# New Furry MMO! Need new players!



## kittlelitz (Jun 15, 2017)

Hello, everyone! I'm currently involved in a small team of developers who are working on a new furry, fairy tale-based MMO called "Secondhand Lands." The game recently passed the Steam "Greenlight" process, but we need more players to justify further development. Although the graphics and the character models may seem a bit underwhelming, we promise that there'll be a ton of graphics-improvements very soon.

In the game, you can choose up to four main classes (Wolf, Catgirl, Scrapper [Anthros, essentially] and Sheep.) of character and each class has its own particular specialties (Wolves and Catgirls, for instance, are especially good at PVP. Scrappers and Sheep are excellent for grabbing resources and for crafting numerous different armors and potions!)

For those interested in joining, please feel free to download the client.
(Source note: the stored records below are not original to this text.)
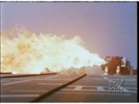 Ground level angle, of the smoking, destroyed flame thrower nozzle-arm sheath falling to the floor. |
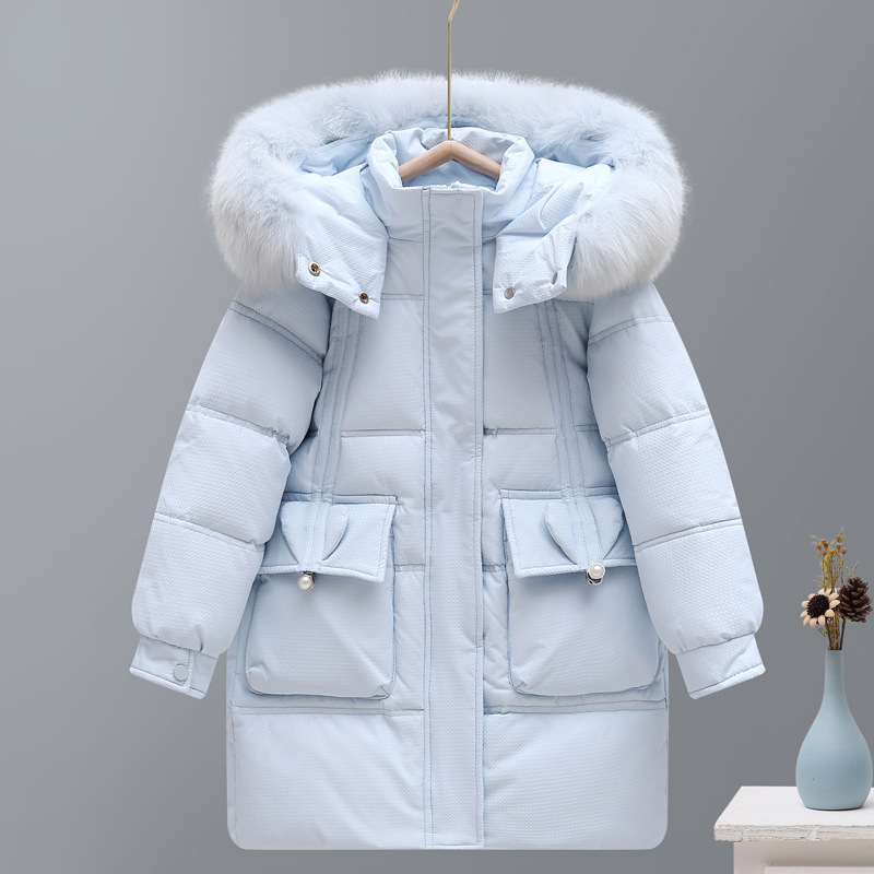 소녀를위한 어린이 흰색 오리 다운 재킷 중간 길이의 어린이 중 및 노인 어린이 아기 겨울 두꺼운 서양식 재킷
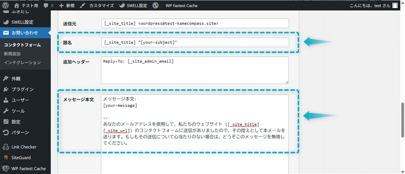 [_site_title]…自サイト名、[_site_url]…自サイトURL、[your-subject]…題名、[your-message]…メッセージ本文、[your-name]…ユーザーの氏名、[your-email]…ユーザーのメールアドレス
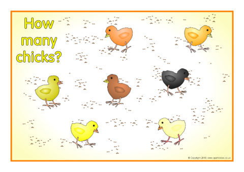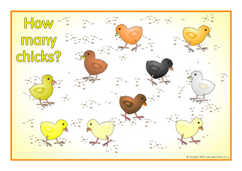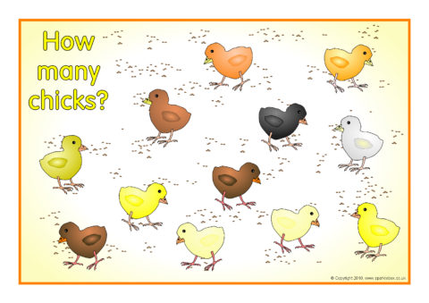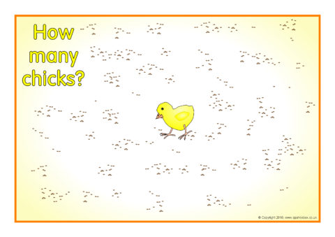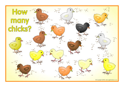 A set of 20 A4-sized posters showing chicks eating grain from 1-20. Great as visual aids for counting and estimation.
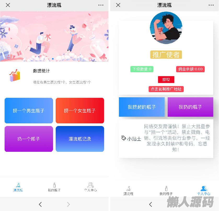 懒人源码 » H5漂流瓶交友源码 社交漂流瓶H5源码+对接Z支付+视频教程
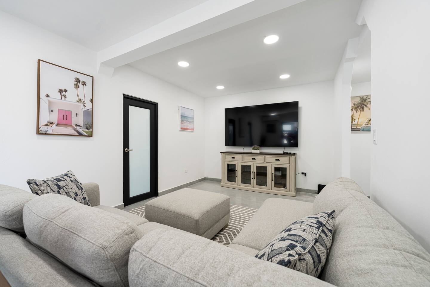 Welcome to your next San Juan escape, you'll discover a world of comfort and convenience. The bedrooms offer serene retreats, with the master bedroom's king-sized bed and wall-mounted 50β HDTV promising restful nights. Bedroom number 2, with its cozy queen-sized bed, complete with comfortable linens and pillows. While bedroom number 3 offers another full size and twin bunk bed and ample closet space, ensures peaceful slumber. The well-equipped kitchen stands ready for your culinary adventures, featuring everything from a stove to a coffee maker. And when it's time to dine, the inviting dining area with seating for six or the breakfast-bar style seating for three await your gatherings. In the open living room, a spacious sofa beckons, basking in the warm glow of natural light streaming through multiple windows. The 85β HDTV promises delightful evening entertainment, perfect for cozy nights with loved ones. But that is not all, step onto the private balcony and let the refreshing breeze and warm sun embrace you as you unwind in the outdoor furniture chairs. Venturing beyond our charming retreat, you'll find an ideal location. Just a short 8-minute stroll away lies the breathtaking Ocean Park Beach, where relaxation and seaside fun await. And right around the corner, you'll encounter Calle Loiza, a vibrant epicenter of nightlife boasting a diverse array of bars and restaurants. It's the perfect blend of tranquility and entertainment, ensuring your stay is both enjoyable and memorable. β Walking Distance to Ocean Park Beach β Private Balcony β King Bed β Prime Location β¨βΒ LIVING ROOM β β¨The living room is an integral part of our open and airy floor plan, seamlessly connected to the dining area. It's the ultimate spot for you and your cherished ones to unwind after a day filled with adventures. A generously sized, plush sofa beckons, urging you and your loved ones to sink in and let go. Sunlight streams in through multiple windows, casting a comforting, warm glow that envelops the entire space. From the expansive sofa, the 85β HDTV commands attention, promising delightful evening entertainment. Gather your loved ones, and relish cozy evenings together, as you enjoy perfect viewing and create cherished memories in this inviting living room. β Comfortable Sofa β 85" HDTV β Open Planβ¨β¨ βοΈ KITCHEN & DINING βΒ β¨β¨ When hunger beckons, our kitchen is your haven. It's a complete culinary hub, boasting a range of essential appliances, from the stove and oven for hearty meals to the refrigerator to keep your ingredients fresh. The microwave, toaster, blender, and coffee maker stand at the ready to make your cooking journey a breeze. Once your culinary masterpieces are prepared, gather around our inviting dining table, generously set for six. Or perhaps, opt for a cozy breakfast-bar style setup with seating for three, where you can enjoy your meals with a touch of casual charm. It's the perfect space to savor good food and even better company. β Microwave β Oven β Cooker β Wine Glasses β Toaster β Coffee Maker β Blender β Refrigerator β Dishwasher β Freezer β Sink - Hot & Cold Water β Silverware β Pots & Pans β Garbage Disposal β Indoor Dining Table With Seating for 6 β Fast WiFi and cable πΊ TV β¨β¨βοΈ BEDROOM ARRANGEMENTS β Β β¨ After a day filled with adventures and excitement, find solace in our inviting bedrooms. Step into the master bedroom, where a grand king-sized bed beckons, promising a night of deep, restful slumber. Above, a wall-mounted 55β HDTV offers entertainment options for your relaxation. Take advantage of the roomy closet to keep your attire neatly arranged and ready for the next day's adventures. Venture into the second bedroom, where a cozy full and twin Bunk Bed awaits. Its large closet ensures your belongings stay perfectly organized, and the AC guarantees an undisturbed night's sleep. This spacious room is your gateway to a tranquil dreamland. Lastly, discover bedroom number 3, another sanctuary complete with a queen-sized bed adorned with plush linens and pillows, inviting you to unwind. The generous closet space ensures your wardrobe remains in impeccable order, so you can begin each day feeling refreshed and ready for new experiences. β Bedroom 1: King Sized Bed, HDTV, AC & Closet β Bedroom 2: Queen Sized Bed & Closet, AC β Bedroom 3: Full and Twin Bunk Bed, AC & ClosetQueen Sized Bed & Closet β¨ The bedrooms are equipped with the following amenities β¨β Premium Pillows, Linens, and Sheets β Comfortable Beds β Natural Lighting β¨βοΈ BATHROOMS β β¨Moving on into the bathroom and embracing a world of rejuvenation. The walk-in shower beckons, its sleek, minimalist design promising a refreshing escape. As the water cascades down, let the worries of the modern world wash away. This space is equipped with all the essentials for your comfort. And there's more β a generously sized mirror, strategically positioned, awaits you to prepare and present your best self to the world. It's the perfect sanctuary to start or end your day feeling revitalized. β Soft Towels β Shower β Minimalist Design β¨β PRIVATE BALCONY β Step onto the private balcony that connects between Bedroom 1 and 2 and you'll find a comfortable retreat awaiting you. Take a seat on the outdoor furniture chairs, feeling the gentle warmth of the sun on your skin. The space is open and airy, with a refreshing breeze that rustles through the air. It's the perfect spot to unwind, whether you're sipping your morning coffee or gazing at the stars under a moonlit sky after your delicious meal. β Outdoor Furniture Seating β Safe Neighborhood β Private Balcony β You'll have access to the whole house β Self Check-in β Free parking Indulge in a worry-free getaway, where you can escape the stress of daily life and enjoy the comfort of 24/7 support. We are available via phone, text, or the Airbnb app at any time, you can rest assured tha

I'll happily assist all those who are new in training and in outfitting their characters. Secondhand Lands


----------



## Frostbyte The Shark (Jun 15, 2017)

I'll check it out next time I'm on my computer. Probably soon.


----------



## kittlelitz (Jun 15, 2017)

Frostbyte The Shark said:


> I'll check it out next time I'm on my computer. Probably soon.


Awesome! Just note that there will be a ton of improvements, soon. So don't be too turned off by the graphics! We're a pretty small team.


----------